Methods: Seventeen lesions in 12 patients with UCAN (UCAN group) and 913 epithelial lesions in 824 control patients without UC (non-UC group) were evaluated. Both groups underwent ESD between January 2010 and December 2017 at Toranomon Hospital, Tokyo, Japan. Treatment outcomes of the 2 groups were compared retrospectively.
Results: Univariate analysis showed that the mean tumor size was significantly smaller in the UCAN group than in the non-UC group (25.1 ± 26.7 mm vs. 31.9 ± 19.0; p = 0.0023); however, the R0 resection rate was significantly lower in the UCAN group (70.6 vs. 92.9%; p = 0.001).
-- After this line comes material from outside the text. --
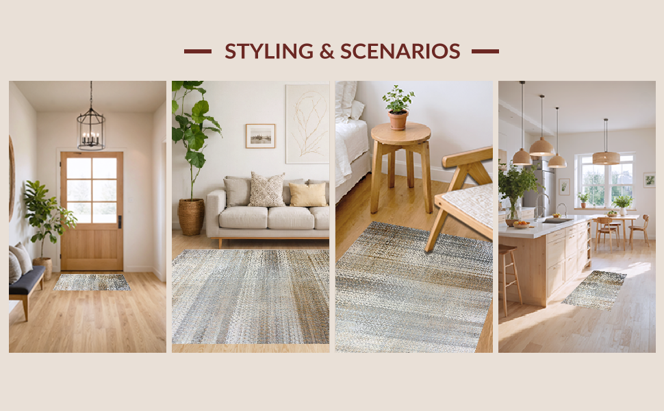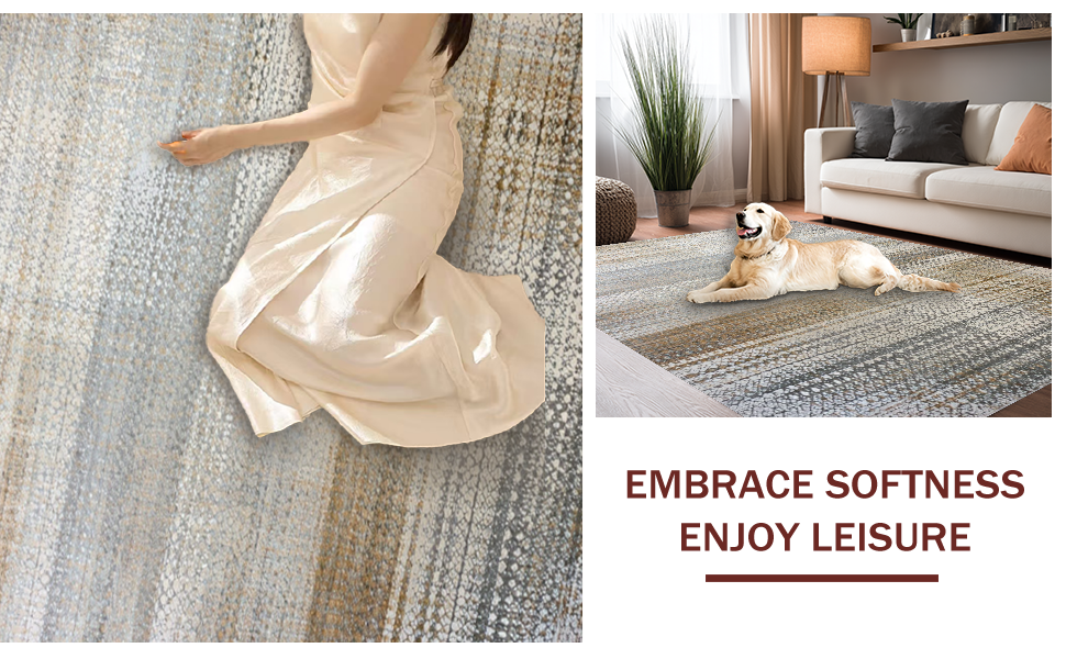 Ultra Soft Area Rug, Non Slip, Stain Resistant, Washable Area Rugs for Living Room, Bedroom, Artful Distressed Organic Shapes(Gray) Overview: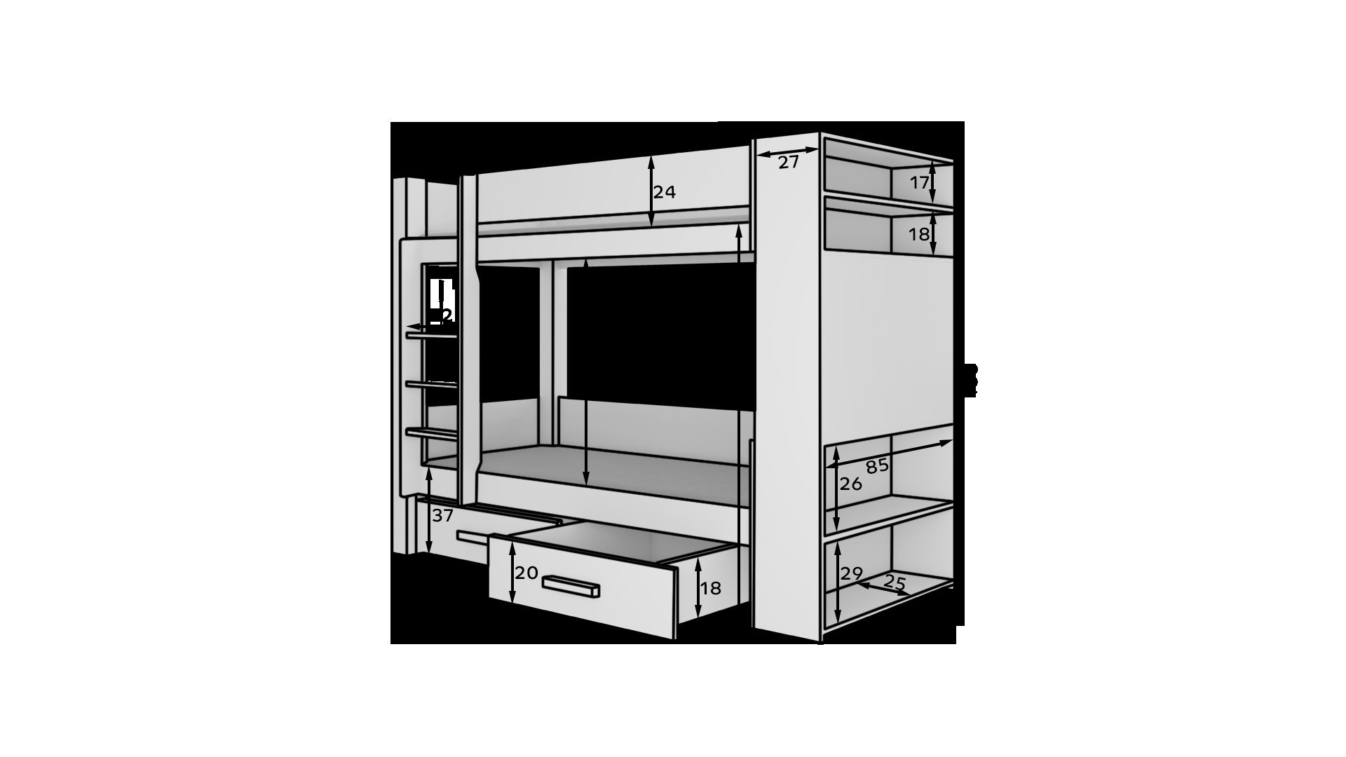 Patrová 2-lůžková postel GARET je skvělý nápad na úsporu místa v malém dětském pokoji. Nábytek obsahuje schůdkový žebřík a dvě prostorné a funkční zásuvky na ložní prádlo. Navíc na dvou úrovních byly namontovány zábradlí zvyšující bezpečnost během spánku. Model GARET má police umístěné jak z vnitřní, tak z vnější strany postele. Součástí sady je sada dvou pěnových matrací o tloušťce 8 cm.

Multivariate analysis showed a significantly lower negative horizontal margin rate in the UCAN group (odds ratio 11.3, 95% confidence interval 3.588-34.525; p = 0.000).
Discussion/conclusion: ESD for UCAN is associated with a low-negative horizontal margin rate. When performing ESD for UCAN, it is important to evaluate the accuracy of the UCAN demarcation line, especially for flat lesions, using white-light imaging and chromoendoscopy as well as other modalities, including biopsy of surrounding tissues.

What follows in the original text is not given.